# Bird in palms at work



## Budgiekeet (Mar 4, 2012)

Here are some wild birds in the palms at work.

Love birds




Some babies and a couple with mom too





But we didn't get the 300mm lens to look from afar .


----------



## despoinaki (Aug 4, 2012)

Omg!!! It's true that parrot species live in the wild all over the world! Great pics Rick! I love the chicks!!!


----------



## aluz (Jul 24, 2011)

Wow, how strange and yet beautiful to see wild lovebirds like that! 
Here I was thinking they would only live in the wild in Africa, where they originally come from.
Those sparrow (I think) chicks were really hungry!Thank you so much for sharing these pics with us, Rick!


----------



## Budgiekeet (Mar 4, 2012)

We have quite a few Lovebirds here now. I would say 50 or so throughout the 125 acre property. They are taking over the palms and Saguaro cactus for nest. It will be interesting to see if they run the other birds out and not a good interesting.

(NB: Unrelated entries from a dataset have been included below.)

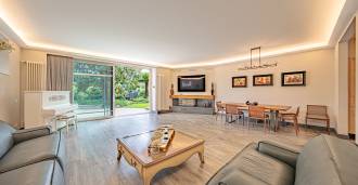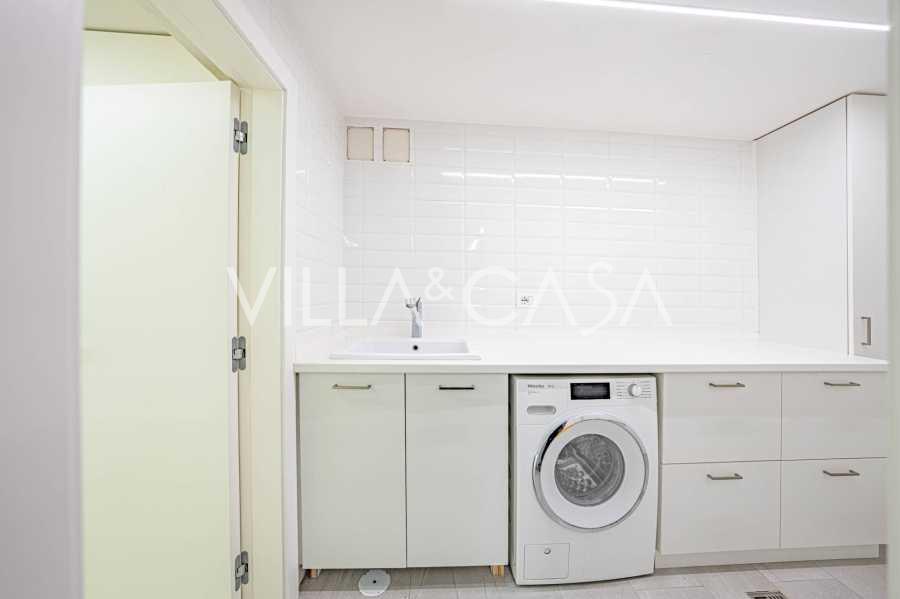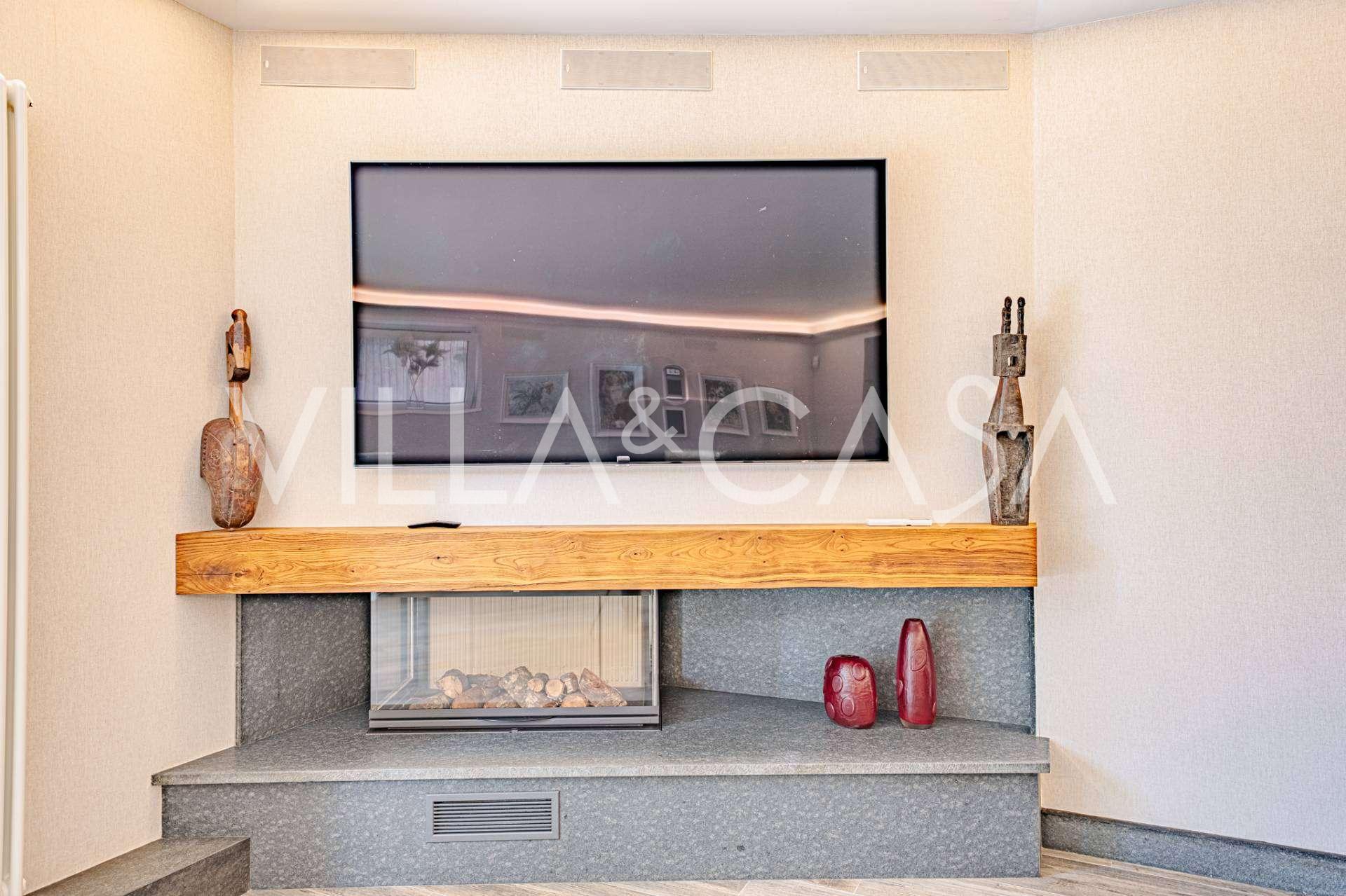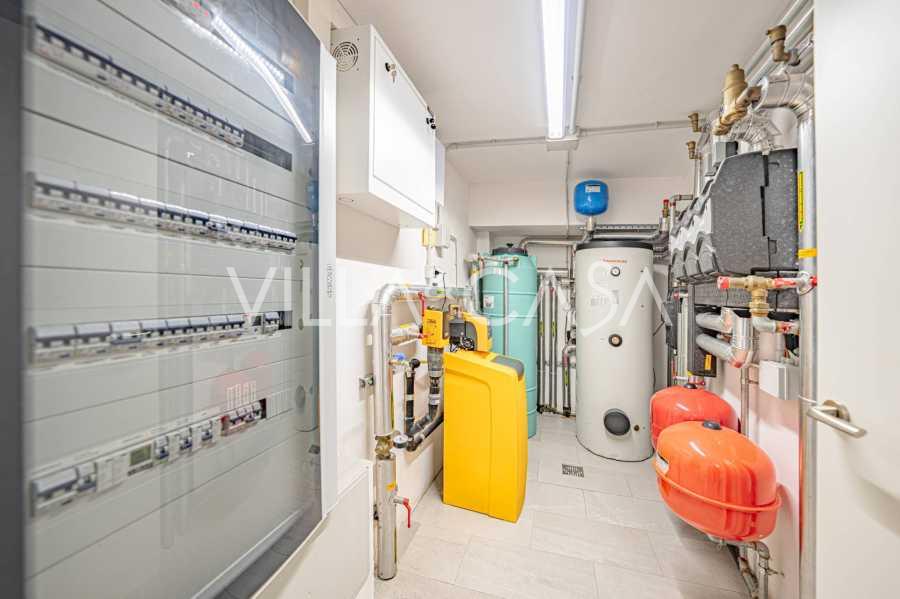Цокольный этаж: эксклюзивная студия-депенданс с камином, кухней открытого плана и ванной, с выходом на террасу, оборудованную летней кухней и зоной барбекю. Отдельный технический блок с самостоятельным входом.
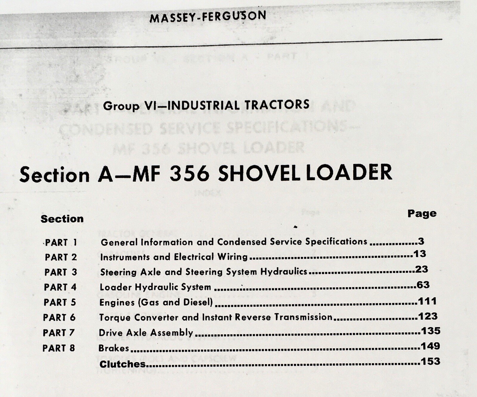 - Complete manual set for Massey Ferguson Model 356 Shovel Loader
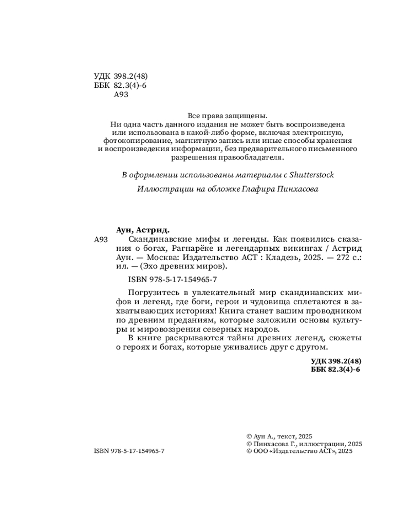 💳 Оплатить за товар можно при получении 🇰🇿 Есть бесплатная доставка по Казахстану от 1 дня 🎁 Копите бонусы с каждой покупки Серия: Эхо древних миров Погрузитесь в увлекательный мир скандинавских мифов и легенд, где боги, герои и чудовища сплетаются в захватывающих историях! Книга станет вашим проводником по древним преданиям, которые заложили основы культуры и мировоззрения северных народов. |

Thats the main problem with other species being let loose where they are not from. 

We do have a big pair of Red tailed hawks and a Great horned owl which has a 6ft or better wing span and with the colors on the Love virds you would think they would be a more visible targets so maybe they will keep things in check.

Time will tell.


----------



## FaeryBee (May 9, 2011)

*Great pictures (as always) Rick!

That one little lovebird looks waayyy too much like Pedro and it makes me sad to think he's living out there in the wild. *


----------



## Mazz (Jul 17, 2013)

aluz said:


> Wow, how strange and yet beautiful to see wild lovebirds like that!
> Here I was thinking they would only live in the wild in Africa, where they originally come from.
> Those sparrow (I think) chicks were really hungry!Thank you so much for sharing these pics with us, Rick!


California has a lot of wild small parrot species due to it being a great habitat for released pets to breed and colonize.

And yus, that's a sparrow momma.


----------



## Budget baby (Jan 1, 2013)

So clear and vivid ,those are great pictures Rick! How clever to utilize the palm fronds for nests!


----------